= Thomas Brand (minister) =

English minister

Thomas Brand (1635–1691) was an English nonconformist minister and divine.

==Life==
Brand was the son of the rector of Leaden Roothing, Essex. He was educated at Bishop's Stortford, Hertfordshire, and Merton College, Oxford. There he studied law, and later entered the Temple.

An acquaintance with Samuel Annesley led Brand to decide to join the ministry. He entered the family of the Lady Dowager Roberts of Glassenbury, Kent, the education of whose four children he superintended. He caused the whole of his salary to be devoted to charity. He soon preached twice every Sunday, and frequently a third time in the evening, at a place two miles distant. He established weekly lectures at several places, and monthly fasts. On the death of the Rev. Mr.

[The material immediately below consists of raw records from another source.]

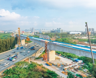 现场施工人员正按计划推进该高速铁路桥梁的合龙前准备工作。深江高铁全线开通后,将与既有的广深港高铁实现互联互通,增强大湾区城市间的交通联系。
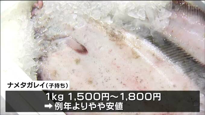 また、仙台の年越しに欠かせないナメタガレイは、子持ちが、1キロあたり1500円から1800円ほどで例年よりやや安値での取り引きとなりました。
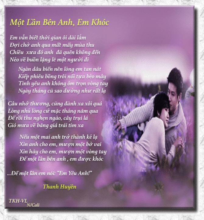 Bài thơ buồn quá, pha chút lãng mạn dễ thương lại được lồng trong một khung tranh mà hình ảnh hài hoà với chủ đề của bài thơ . Màu tím là màu của tình yêu, của nhớ nhung, cùng sự son sấc của con tim đễ chiu đựng trong Cô Đơn. Chữ rỏ nét dễ đọc. Một khung tranh đẹp và sinh động. Chân thành cám ơn 2 tác giả thơ và tranh. Phương Võ.
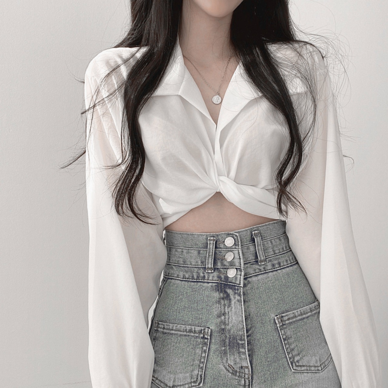 へそ出し 襟付きシャツ リボン レディースファッション クロップド丈トップス Vネック セクシー バックシャン 2way
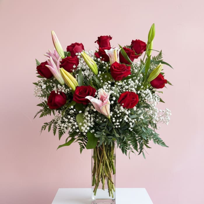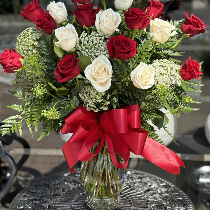 Price: $240.00Classy Red Roses (with Queen Anne's Lace or Baby's Breath)
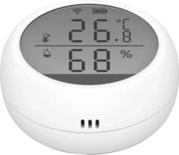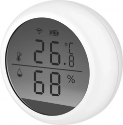 Velký segmentový LCD displej jasně ukazuje aktuální teplotu a relativní vlhkost, včetně ikon stavu Wi‑Fi a baterie. Ideální pro rychlou vizuální kontrolu klimatu v místnosti.
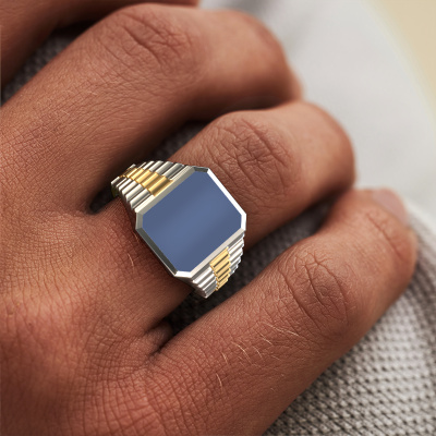 Everyone knows the design of this well-known watch brand. With two colours of white gold links, this flat 14 Carat white gold Brent 2 signet ring, is perfectly suited for trendy, successful men. A man who wants to dress to impress with a striking signet ring with 12x10 mm blue sardonyx. Show them what you are made of!Customize your own special Brent 2 signet ring, which will then be created by our goldsmiths with great passion. Do you prefer a different option than is shown here in the white gold Brent 2 signet ring? Then our online tools offers various options. Feel free to ask us for help if you are unable to succeed. We are happy to answer your questions!
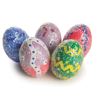 - Craft foam eggs to decorate with acrylic paint and cover with a thin layer of clear glitter to make them sparkle.
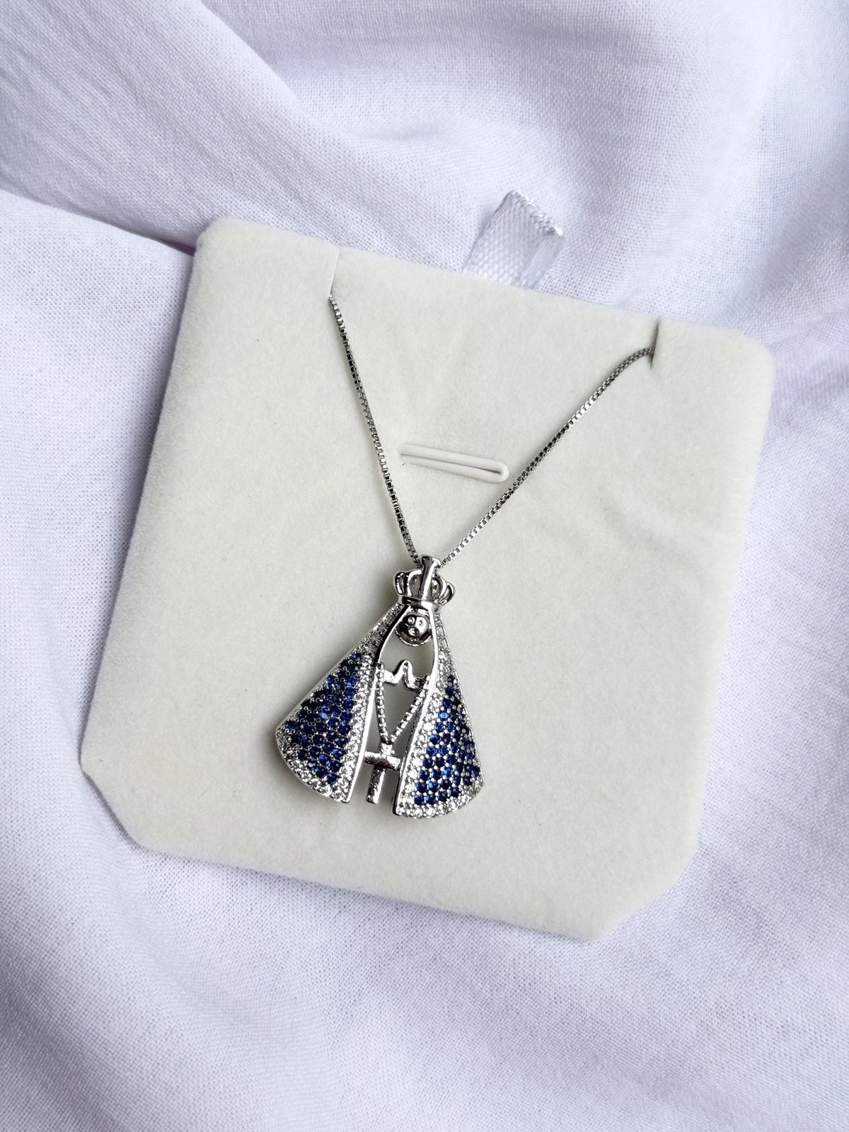 Colar Nossa Senhora Ap com Zircônia Cristal e Azul em Banho de Ródio Branco : Colar758 Facebook X Pinterest WhatsApp : - + : OK × : 1x R$ 0,00 : R$ 0,00 × : -Pedra: -Corrente: 45cm + 5cm -Cor: -Banho: Banho de Ródio Branco (Antialérgico) -Garantia: 1 ano Banho e Zircônia
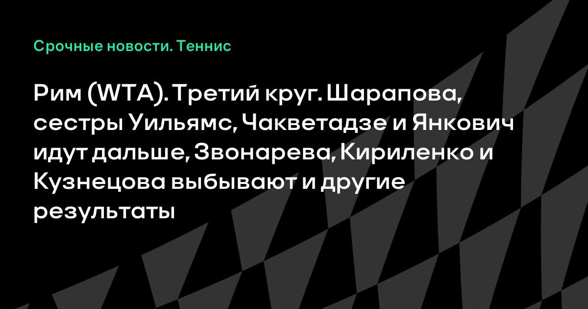 Рим (WTA). Третий круг. Шарапова, сестры Уильямс, Чакветадзе и Янкович идут дальше, Звонарева, Кириленко и Кузнецова выбывают и другие результаты
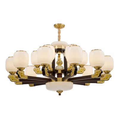 新中式铜合金+木+玻璃罩灯体 客厅餐厅书房卧室简约吊灯3366
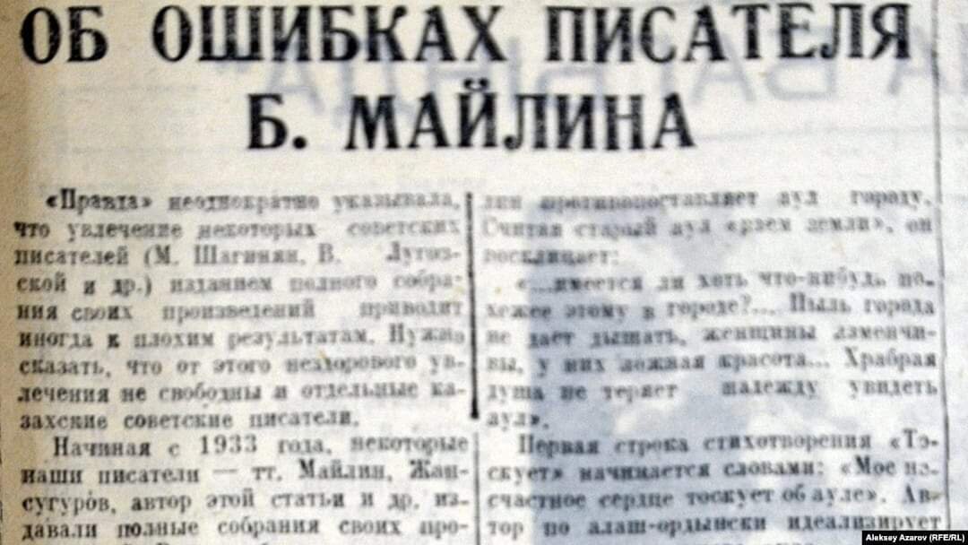 Сабит Муканов написал доносы на половину казахских писателей. Сабит Муканов, председатель Союза Писателей Казахстана, в открытую в газетах топит своего коллегу талантливого писателя Беимбета Майлина за «контрреволюционную галиматью». Майлина расстреливают в 1938 году.
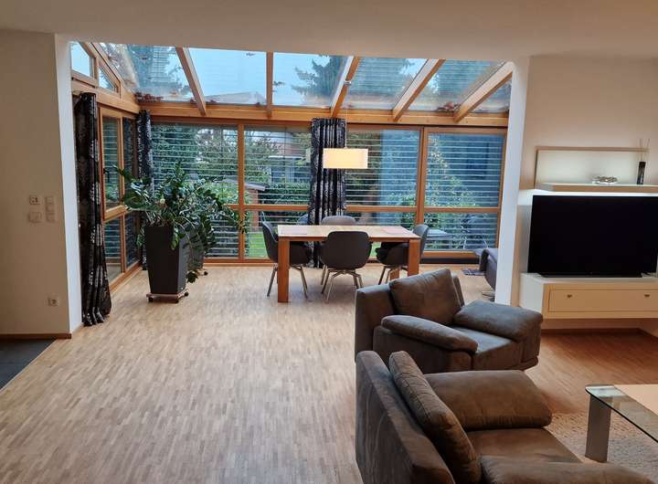 Großes Wohnzimmer mit integriertem Wintergarten, neue PV-Anlage mit Wallbox. Alle Schlafzimmer etwa 15 m² groß und eine Wohnküche mit angrenzendem Hauswirtschaftsraum für Waschmaschine und Trockner.

Poyntel of Staplehurst, he left Lady Roberts, went to Staplehurst, and was ordained. About two years later he married a widow, by whom he had several children, who all died young.

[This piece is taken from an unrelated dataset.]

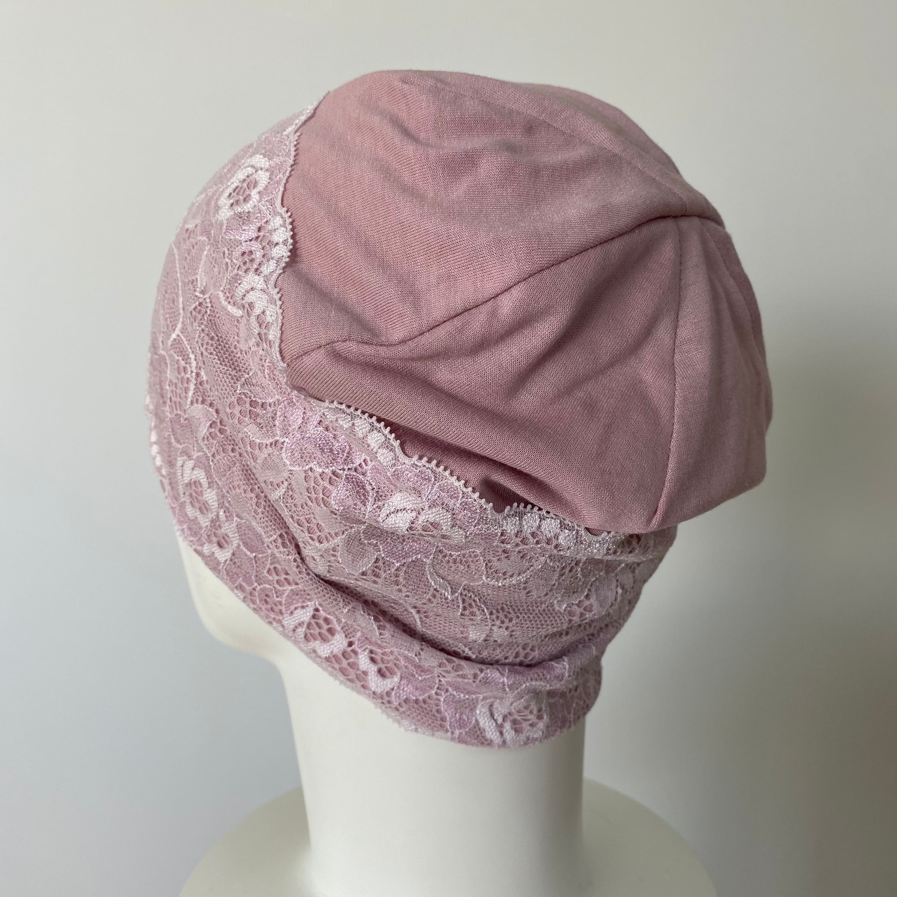 クールマックス生地で作ったお帽子に、レースを付けた上品なデザインです。
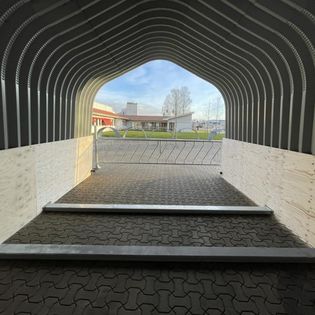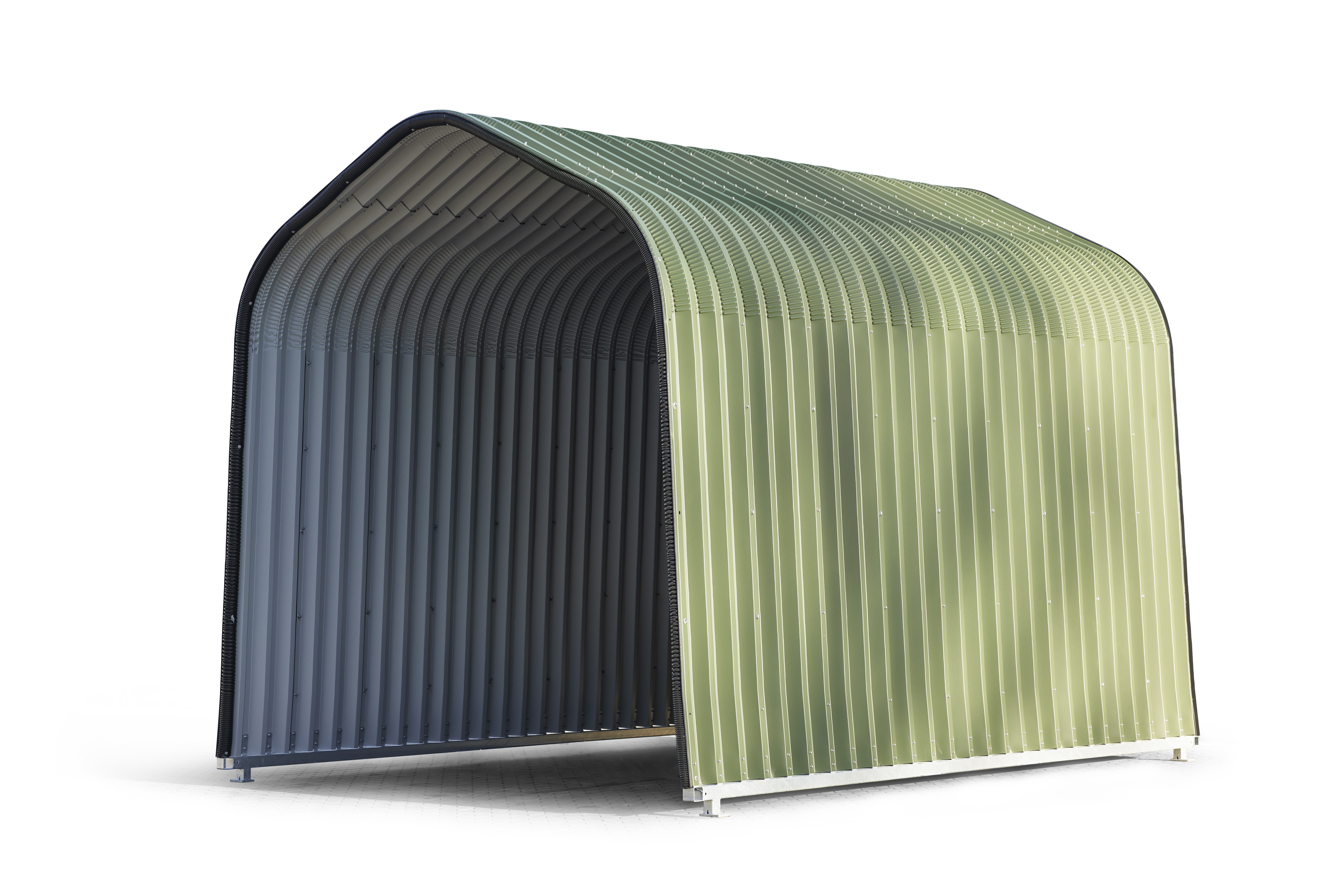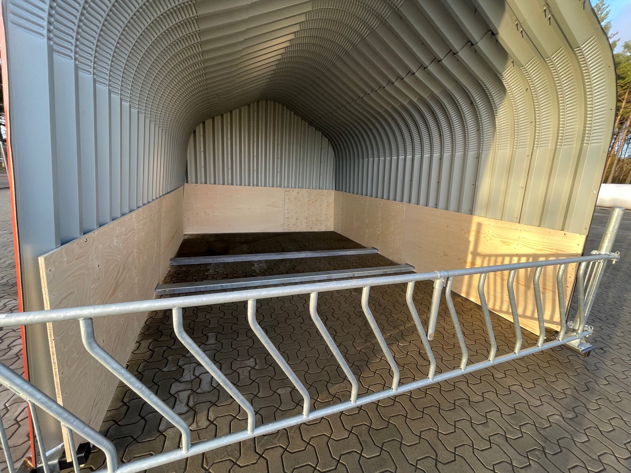 Buehallen leveres komplett med kraftige varmgalvaniserte bunnseksjoner, ferdig bøyde og tilpassede stålplater. Gavlvegg i ene enden. Leveres umontert med komplett boltsett.

He continued at Staplehurst until driven away by persecution. After wanderings he settled near London. He built many meeting-houses, and contributed to their ministers' salaries. He gave away thousands of catechisms and other books, and reprinted twenty thousand of Joseph Alleine's Treatise on Conversion to be given away, altering the title to a Guide to Heaven. He and his friends sold bibles under cost price to all who desired them, provided they did not sell them again. Brand supported children of poor parents, and put them to trades. Jabez Earle, minister of the presbyterian congregation in Hanover Street, London, was one of his protégés. Brand said he ‘would not sell his estate because it was entailed, but he would squeeze it as long as he lived.’

Brand died 1 December 1691, and was buried in Bunhill Fields.